One difference between the 980 PRO (with Samsung's heatsink) and the spare SSD (an old Intel one, but still NVMe) is that the latter had fewer connections on the underside of the connector whereas the Samsung drive had all of them. I am dreading the idea of explaining to supplier or manufacturer that the SSD is faulty but the fault only shows up when the screen goes off :D I'm wondering whether it could be a slot issue. To determine that, I coincidentally have a spare 990 PRO and am running a clean install on that right now.
 
Last edited:
  • Like
Reactions: DAPUNISHER

mikeymikec

Lifer
May 19, 2011
20,949
16,186
136
The system crashed multiple times in half an hour with the 990 PRO in the same slot, same symptoms as before.

As I've been using the second SSD slot the whole time because of the Samsung 980 with integrated heatsink, I've now switched the 990 PRO to the first M.2 slot. I think it's going to be stable.

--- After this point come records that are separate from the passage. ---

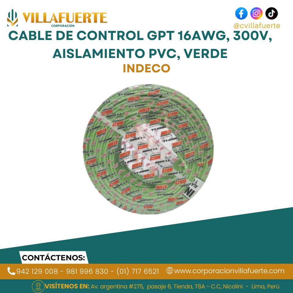Cable de control GPT 16AWG, 300V, aislamiento PVC, verde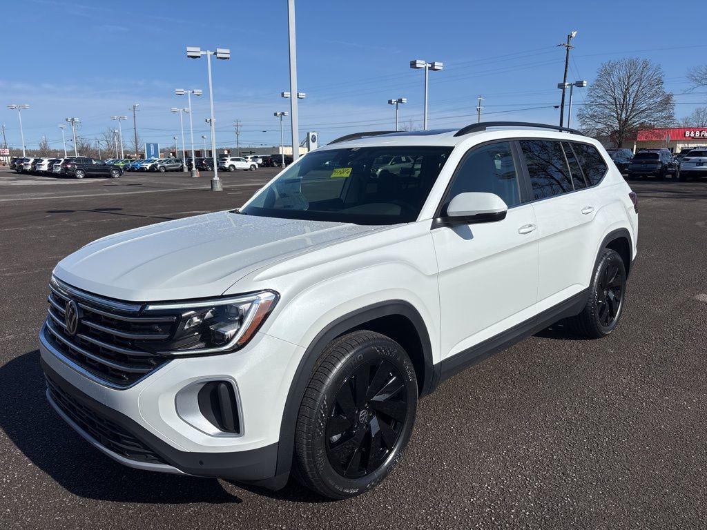Opal White Pearl 2026 Volkswagen Atlas 2.0T SE w/Technology FWD 8-Speed Automatic with Tiptronic 2.0L TSI 2nd-Row Dual Captain's Chairs, Black Wheel Package, Panoramic Sunroof Package, Retractable Privacy Cover For Cargo Area, Roadside Assistance Kit, Rubber Mats Kit (2-Row), Volkswagen Logo Puddle Lights, VW Care, Wheels: 20"" Multi-Spoke Black Painted Alloy.
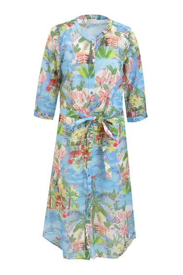belted roundneck midi dress 3/4 sleeve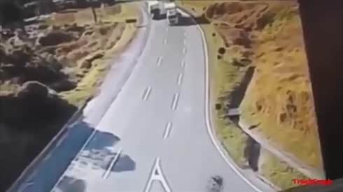 吓死你!摩托车漂移过弯 惨被大货车摧毁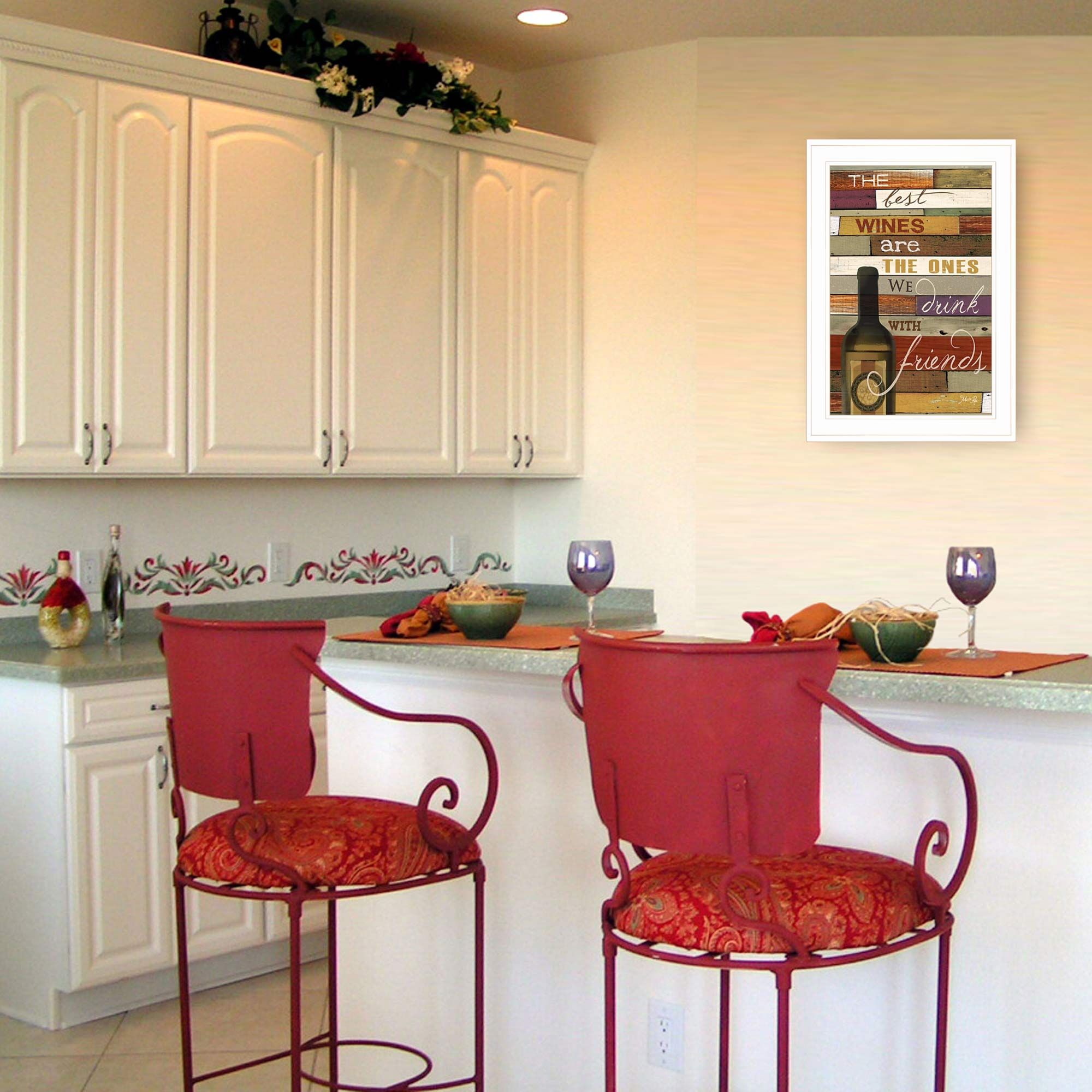 MA842-226G "The Best Wine" is a 15"x21" white framed art print by artist Marla Rae. This artwork features a wood plank look, with a bottle of wine and reads "The Best Wines are the Ones We Drink with Friends". This totally American Made wall decor item features an decorative white frame. The print has a protective, archival finish (glass is not needed) and arrives ready to hang. •Textured Artwork with a 'rolled on' acid free acrylic coating to create a canvas painting effect. No glass is necessary.•Surface of the print has a fade resistant coating.•Arrives Ready to Hang•Woman Owned Business (WBE)•Handmade in the USA•Decorative Moulding adds natural beauty to the framed art.

I'm confused though. The Intel SSD I tried that was stable is a 660p drive, PCIe 3.0 4x interface. This AM4 system will be running the M.2 slots at PCIe 3.0 because of the Ryzen-G processor. Therefore a) why does the Intel drive have fewer connections on the underside of the connector and b) why would they be relevant?

If it turns out to be the second M.2 slot, it's going to be so weird to explain this to my supplier, but it's doubly weird because if I had used a non-heatsinked SSD in the first slot in the first place then I would never have discovered this issue; a reminder that there's no such thing as a complete testing regimen for a new PC build.
 
Last edited:

mikeymikec

Lifer
May 19, 2011
20,949
16,186
136
It crashed again. I'm now trying a spare PSU because I think that's a more likely fault than a board having two faulty M.2 slots or another fault that affects M.2 slots.

If it turns out to be this Corsair CX550 PSU, I swear to god I'm going to never buy another Corsair CX PSU again! (I had a run-in with them in around 2012 when the ultra-reliable VX450W stopped being made, I switched to the CX430 and ended up with 3 out of 5 PSUs faulty; I only switched to them this time because they rate significantly better on the PSU tier list than Be Quiet! System Power 10 (technically I've been using the 11 range though which isn't on the list yet)).